* **WHAT THE TASK REQUIRES**:
For this exercise, return exactly the lines of the material below that begin at the one with "Tuinschommelstoel, 3-zits ligstoel" and stop after the one with "The Molteni Tea".

* **DATA TO EXAMINE**:
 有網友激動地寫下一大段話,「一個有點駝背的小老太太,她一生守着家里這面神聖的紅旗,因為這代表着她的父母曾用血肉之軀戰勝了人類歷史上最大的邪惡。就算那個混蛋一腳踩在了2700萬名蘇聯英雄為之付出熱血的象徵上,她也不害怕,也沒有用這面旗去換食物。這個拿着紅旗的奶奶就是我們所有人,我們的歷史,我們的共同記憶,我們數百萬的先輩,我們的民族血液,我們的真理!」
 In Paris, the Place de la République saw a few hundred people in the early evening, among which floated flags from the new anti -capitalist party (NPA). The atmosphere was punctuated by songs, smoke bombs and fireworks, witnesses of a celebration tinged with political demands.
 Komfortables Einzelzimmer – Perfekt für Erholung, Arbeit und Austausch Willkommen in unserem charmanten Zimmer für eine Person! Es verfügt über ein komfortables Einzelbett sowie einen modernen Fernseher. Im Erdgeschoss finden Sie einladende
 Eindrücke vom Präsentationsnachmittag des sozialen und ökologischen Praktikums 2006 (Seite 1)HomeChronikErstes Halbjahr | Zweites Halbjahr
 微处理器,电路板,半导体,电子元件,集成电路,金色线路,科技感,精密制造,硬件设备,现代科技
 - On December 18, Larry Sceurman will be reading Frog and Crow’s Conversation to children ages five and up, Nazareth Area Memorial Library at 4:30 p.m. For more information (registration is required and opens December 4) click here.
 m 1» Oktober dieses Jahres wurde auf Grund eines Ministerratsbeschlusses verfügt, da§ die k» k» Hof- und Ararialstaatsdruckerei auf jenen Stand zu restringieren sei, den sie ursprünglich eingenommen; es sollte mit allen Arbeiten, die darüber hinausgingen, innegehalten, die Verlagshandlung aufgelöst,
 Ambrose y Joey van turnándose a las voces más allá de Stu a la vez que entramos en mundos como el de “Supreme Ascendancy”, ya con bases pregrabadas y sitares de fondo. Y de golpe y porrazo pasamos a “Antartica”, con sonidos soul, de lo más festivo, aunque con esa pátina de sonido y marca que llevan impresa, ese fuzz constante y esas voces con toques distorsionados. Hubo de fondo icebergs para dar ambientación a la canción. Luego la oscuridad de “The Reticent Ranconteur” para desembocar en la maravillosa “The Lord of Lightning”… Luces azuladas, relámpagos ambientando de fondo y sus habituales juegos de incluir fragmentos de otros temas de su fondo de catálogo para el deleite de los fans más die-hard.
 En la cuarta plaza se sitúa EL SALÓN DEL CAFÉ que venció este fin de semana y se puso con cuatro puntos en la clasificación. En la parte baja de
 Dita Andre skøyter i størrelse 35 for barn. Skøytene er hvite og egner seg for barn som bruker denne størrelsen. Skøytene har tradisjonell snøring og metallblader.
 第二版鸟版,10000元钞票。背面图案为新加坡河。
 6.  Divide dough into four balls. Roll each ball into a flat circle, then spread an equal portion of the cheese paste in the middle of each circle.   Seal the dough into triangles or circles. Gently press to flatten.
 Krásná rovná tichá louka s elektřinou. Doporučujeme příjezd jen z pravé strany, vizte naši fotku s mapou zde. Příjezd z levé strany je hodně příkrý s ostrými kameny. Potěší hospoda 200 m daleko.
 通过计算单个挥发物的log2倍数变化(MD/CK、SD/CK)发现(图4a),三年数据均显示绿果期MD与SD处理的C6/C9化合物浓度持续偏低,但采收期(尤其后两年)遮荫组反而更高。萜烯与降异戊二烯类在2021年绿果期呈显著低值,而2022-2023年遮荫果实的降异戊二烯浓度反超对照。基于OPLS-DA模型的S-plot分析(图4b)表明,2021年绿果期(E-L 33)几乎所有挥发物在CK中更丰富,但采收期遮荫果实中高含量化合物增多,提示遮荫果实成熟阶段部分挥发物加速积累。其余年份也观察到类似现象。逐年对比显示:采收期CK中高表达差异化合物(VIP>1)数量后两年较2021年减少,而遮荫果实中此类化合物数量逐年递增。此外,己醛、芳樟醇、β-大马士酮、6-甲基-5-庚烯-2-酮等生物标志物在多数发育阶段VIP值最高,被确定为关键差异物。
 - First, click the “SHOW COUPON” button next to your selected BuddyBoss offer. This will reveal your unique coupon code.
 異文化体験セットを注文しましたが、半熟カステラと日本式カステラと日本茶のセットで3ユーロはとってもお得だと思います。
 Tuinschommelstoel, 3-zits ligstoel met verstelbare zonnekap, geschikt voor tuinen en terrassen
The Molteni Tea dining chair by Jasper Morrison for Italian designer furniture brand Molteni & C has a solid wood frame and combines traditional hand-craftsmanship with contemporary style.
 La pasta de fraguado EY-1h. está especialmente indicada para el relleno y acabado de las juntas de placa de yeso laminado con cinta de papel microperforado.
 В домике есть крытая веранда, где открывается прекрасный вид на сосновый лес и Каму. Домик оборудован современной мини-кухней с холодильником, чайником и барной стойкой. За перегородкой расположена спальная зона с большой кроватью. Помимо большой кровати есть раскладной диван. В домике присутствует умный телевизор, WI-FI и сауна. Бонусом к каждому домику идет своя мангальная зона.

* **ANSWER TO THE PROBLEM**:
 Tuinschommelstoel, 3-zits ligstoel met verstelbare zonnekap, geschikt voor tuinen en terrassen
The Molteni Tea dining chair by Jasper Morrison for Italian designer furniture brand Molteni & C has a solid wood frame and combines traditional hand-craftsmanship with contemporary style.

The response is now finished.